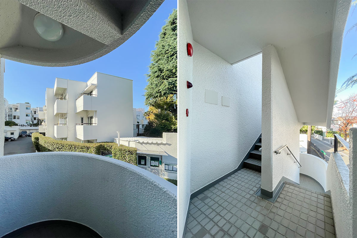 建物は直方体が斜めに雁行してつながり、1つの棟を形成。計4棟が並びます。どれも3階建てのどっしりと構えた低層住宅で、各部屋までは階段室タイプで独立性が高い造りです。
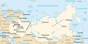 Россия расположена в Северном полушарии, на севере материка Евразия. Она омывается водами Тихого и Северного Ледовитого океанов, а также Балтийским, Чёрным, Азовским морями Атлантического океана и Каспийским морем, при этом обладая самой протяженной береговой линией (37 653 км). Уральские горы, река Эмба и Кумо-Манычская впадина делят Россию на европейскую и азиатскую части, последняя включает в себя Северный Кавказ, Сибирь и Дальний Восток России. Россия – страна, богато наделенная самыми разнообразными природными ресурсами. По запасам многих из них России принадлежит первое место в мире. Зарубежные путешественники, ученые и дипломаты издавна восхищались сказочными богатствами российских недр. Главное богатство России – это щедрая природа: бескрайние леса, поля, моря. Это ее регионы, каждый из которых играет свою незаменимую роль в жизни страны, давая ей кто нефть и газ, кто машины и научные открытия.
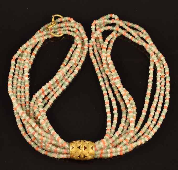 Galeria Cano gold plated and beaded Colombian artefact necklace of agate beads with a 24k gold plated slider and clasp
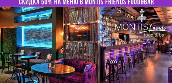 В стенах уютного ресторана MONTIS’Friends Food&Bar любой досуг станет еще более комфортным, вкусным и запоминающимся! Ведь вас встретит гостеприимная атмосфера релакса и масса потрясающих лакомств с отличными скидками!
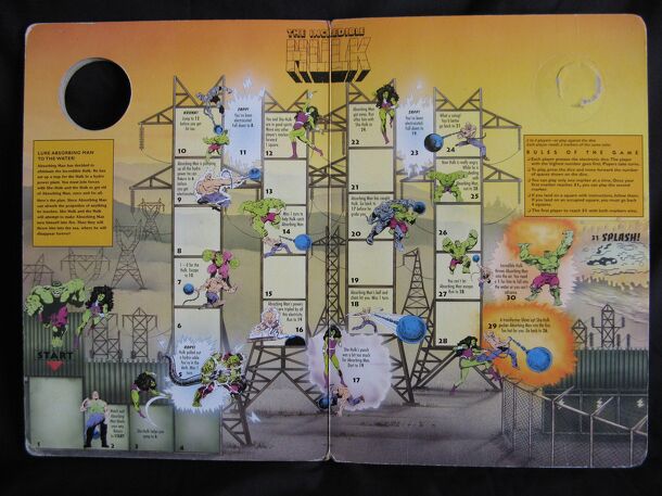 The Incredible Hulk was published as part of the Marvel Comics Super Heroes Game Book, and the board is a double-page spread of the book which is laid flat to play. It is a fairly standard roll-and-move game where players must move two tokens representing Hulk and She-Hulk one at at time along a track by rolling an electronic die. Along the way, some spaces will move players forward or back or cause a loss or gain of a turn. If a player lands on another player's token, he or she moves back four spaces. First player to reach the end with both markers wins.

● **WORK REQUEST**:
So that the copy stays exact, reproduce each record word for word and leave its images out.

● **ANSWER TO THIS EXERCISE**:
 建物は直方体が斜めに雁行してつながり、1つの棟を形成。計4棟が並びます。どれも3階建てのどっしりと構えた低層住宅で、各部屋までは階段室タイプで独立性が高い造りです。
 Россия расположена в Северном полушарии, на севере материка Евразия. Она омывается водами Тихого и Северного Ледовитого океанов, а также Балтийским, Чёрным, Азовским морями Атлантического океана и Каспийским морем, при этом обладая самой протяженной береговой линией (37 653 км). Уральские горы, река Эмба и Кумо-Манычская впадина делят Россию на европейскую и азиатскую части, последняя включает в себя Северный Кавказ, Сибирь и Дальний Восток России. Россия – страна, богато наделенная самыми разнообразными природными ресурсами. По запасам многих из них России принадлежит первое место в мире. Зарубежные путешественники, ученые и дипломаты издавна восхищались сказочными богатствами российских недр. Главное богатство России – это щедрая природа: бескрайние леса, поля, моря. Это ее регионы, каждый из которых играет свою незаменимую роль в жизни страны, давая ей кто нефть и газ, кто машины и научные открытия.
 Galeria Cano gold plated and beaded Colombian artefact necklace of agate beads with a 24k gold plated slider and clasp
 В стенах уютного ресторана MONTIS’Friends Food&Bar любой досуг станет еще более комфортным, вкусным и запоминающимся! Ведь вас встретит гостеприимная атмосфера релакса и масса потрясающих лакомств с отличными скидками!
 The Incredible Hulk was published as part of the Marvel Comics Super Heroes Game Book, and the board is a double-page spread of the book which is laid flat to play. It is a fairly standard roll-and-move game where players must move two tokens representing Hulk and She-Hulk one at at time along a track by rolling an electronic die. Along the way, some spaces will move players forward or back or cause a loss or gain of a turn. If a player lands on another player's token, he or she moves back four spaces. First player to reach the end with both markers wins.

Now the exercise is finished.